0:00:00.005 4M / 4M INFO General
(file_limit.hpp : 30) Open file limit set to 1024
0:00:00.005 4M / 4M INFO K-mer Splitting
(kmer_data.cpp : 159) Memory available for splitting
buffers: 83.332 Gb
0:00:00.005 4M / 4M INFO K-mer Splitting
(kmer_data.cpp : 167) Using cell size of 4194304
0:00:00.005 580M / 580M INFO K-mer Splitting
(kmer_data.cpp : 181) Processing
/mnt/mfs/SPAdes-3.6.2-Linux/share/spades/test_dataset/ecoli_1K_1.fq.gz
0:00:00.515 580M / 580M INFO K-mer Splitting
(kmer_data.cpp : 181) Processing
/mnt/mfs/SPAdes-3.6.2-Linux/share/spades/test_dataset/ecoli_1K_2.fq.gz
0:00:00.574 580M / 580M INFO K-mer Splitting
(kmer_data.cpp : 195) Processed 4108 reads
0:00:00.574 4M / 580M INFO General
(kmer_index.hpp : 342) Starting k-mer counting.

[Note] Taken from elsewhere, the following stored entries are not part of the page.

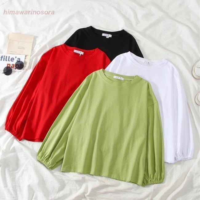 長袖シャツ レディース シャツ ゆったりシャツ 長袖 無地 バルーンスリーブ 無地シャツ クルーネック カジュアルトップス カットソー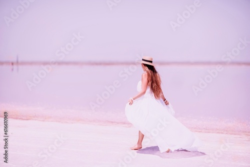 Naklejka premium Woman in pink salt lake. She in a white dress and hat enjoys the scenic view of a pink salt lake as she walks along the white, salty shore, creating a lasting memory.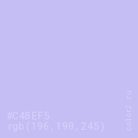 Цвет #C4BEF5 в цветовой модели RGB обозначается тремя октетами (196, 190, 245) в десятичном формате и #C4BEF5 в шестнадцатиричном (hex) формате, которые являются интенсивностью красного 196 (hex C4), интенсивность зелёного 190 (hex BE) и интенсивность синего 245 (hex F5).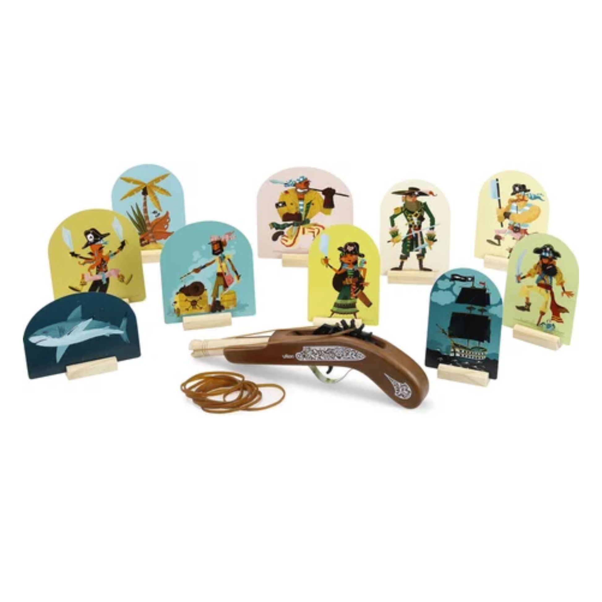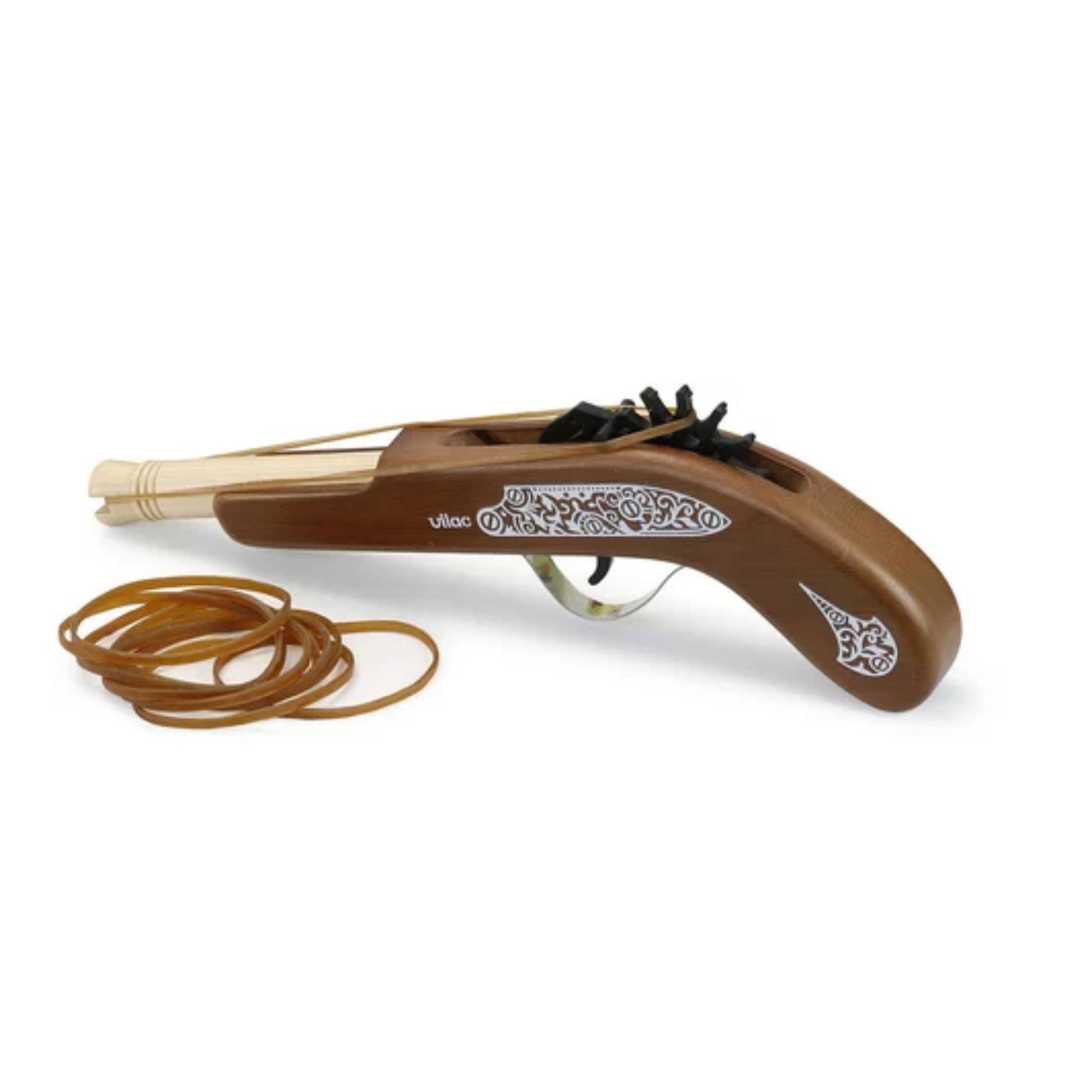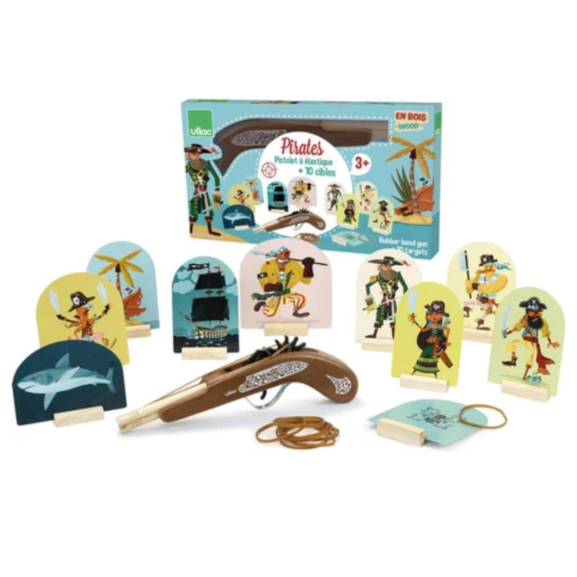 Placez l'élastique sur le bout du pistolet puis sur les crans arrières et tirez sur mes cibles !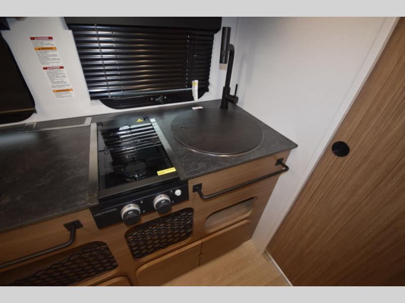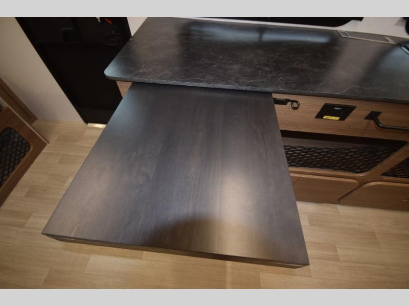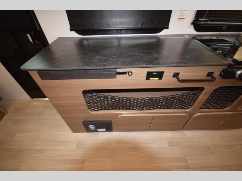 Includes a two-burner cooktop and air fryer/convection microwave for quick, delicious meals. A large countertop with a flip-up extension gives you extra space to prep and cook with ease. -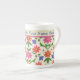 A chic Bone China Mug to personalise, with a colourful pattern of Pink and Orange Flowers and Polka Dots on a leaf-textured Ecru Background. Part of the Posh & Painterly 'Rangoli' collection, this pattern can be adjusted to fit any Mug.

0:00:01.050 4M / 580M INFO General
(kmer_index.hpp : 348) K-mer counting done. There are 1974
kmers in total.
0:00:01.050 4M / 580M INFO General
(kmer_index.hpp : 350) Merging temporary buckets.
...
...
...

Our configuration:
- Ubuntu 14.04.1 x86_64
- kernel 3.19.0-43-generic
- libfuse 2.9.4

Kernel log:
Jan 12 11:38:47 blueocean252 kernel: [ 5885.116703] INFO: task
python:6559 blocked for more than 120 seconds.

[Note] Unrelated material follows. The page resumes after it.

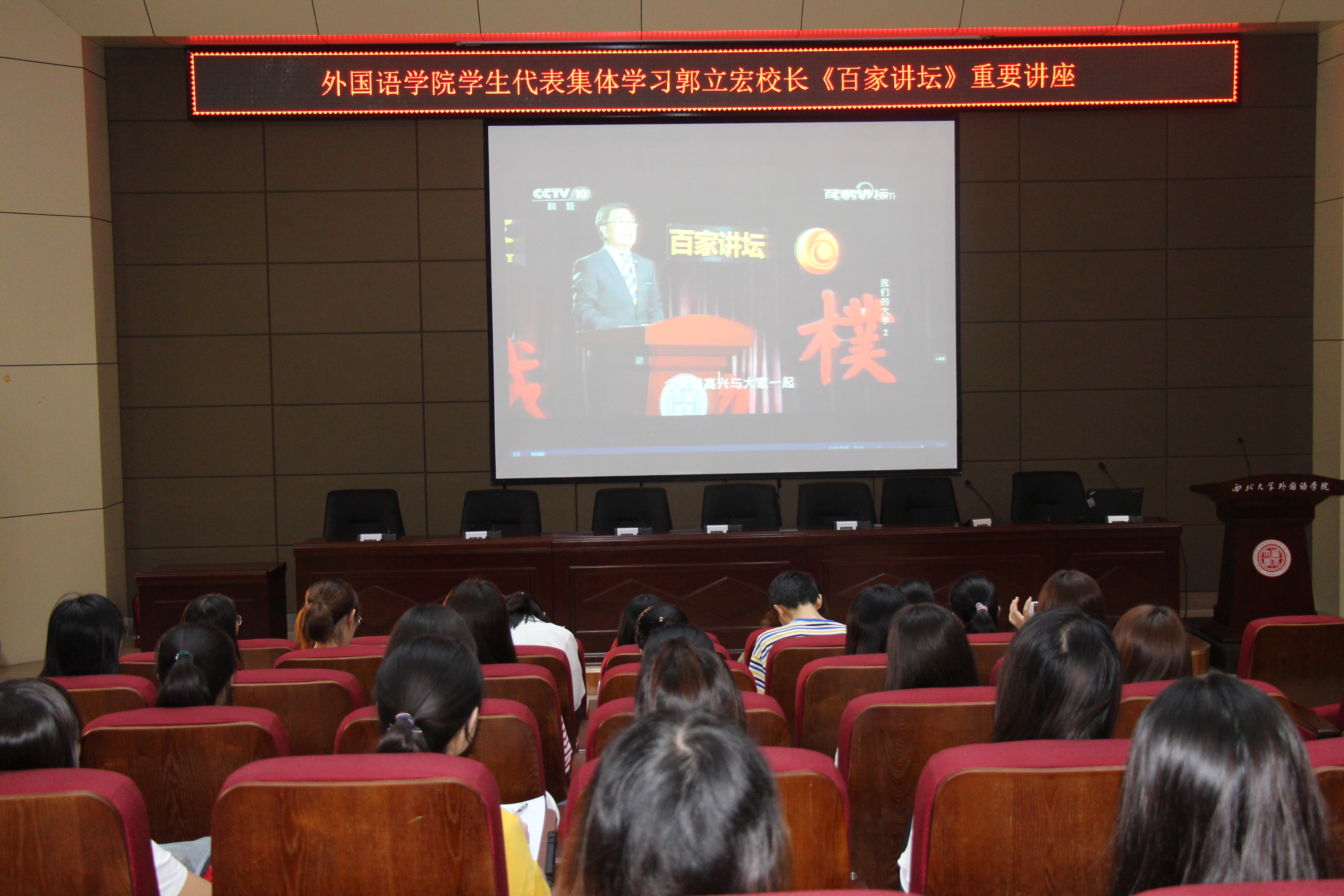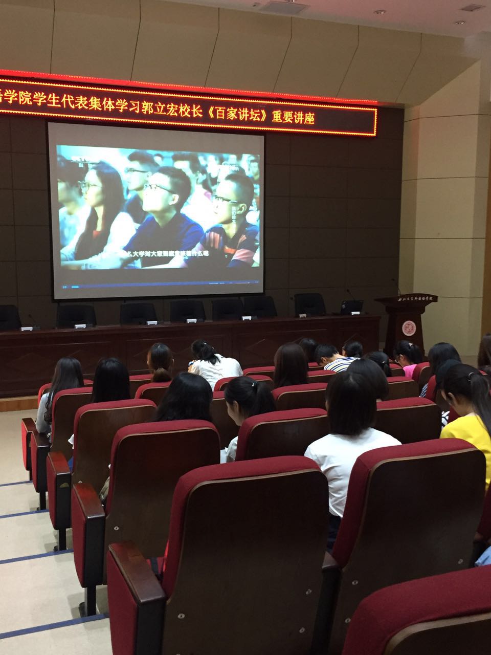 《百家讲坛》栏目组首次走进大学,由大学校长主讲开学第一课。2017年9月11日中午,我院师生聚集在第二课堂报告厅,观看了郭立宏校长《百家讲坛》重要讲座——大与小,谈谈我的大学观。郭校长对大学独到理解让学生们更加深刻地领悟到大学的作用,感受到西北大学 “公诚勤朴” 之精神,对于指导学生度过精彩的大学时光具有重要意义。

Jan 12 11:38:47 blueocean252 kernel: [ 5885.116848] Not tainted
3.19.0-43-generic #49~14.04.1-Ubuntu
Jan 12 11:38:47 blueocean252 kernel: [ 5885.116897] "echo 0 >
/proc/sys/kernel/hung_task_timeout_secs" disables this message.
Jan 12 11:38:47 blueocean252 kernel: [ 5885.116958] python D
ffff8801754bbd88 0 6559 3837 0x00000000
Jan 12 11:38:47 blueocean252 kernel: [ 5885.116963] ffff8801754bbd88
ffff88007fab0000 0000000000013e80 ffff8801754bbfd8
Jan 12 11:38:47 blueocean252 kernel: [ 5885.116965] 0000000000013e80
ffff880172b24e80 ffff88007fab0000 0000000000000000
Jan 12 11:38:47 blueocean252 kernel: [ 5885.116967] ffff8800b0dd29a8
ffff8800b0dd29ac ffff88007fab0000 00000000ffffffff
Jan 12 11:38:47 blueocean252 kernel: [ 5885.116969] Call Trace:
Jan 12 11:38:47 blueocean252 kernel: [ 5885.116978]
[<ffffffff817b3879>] schedule_preempt_disabled+0x29/0x70
Jan 12 11:38:47 blueocean252 kernel: [ 5885.116981]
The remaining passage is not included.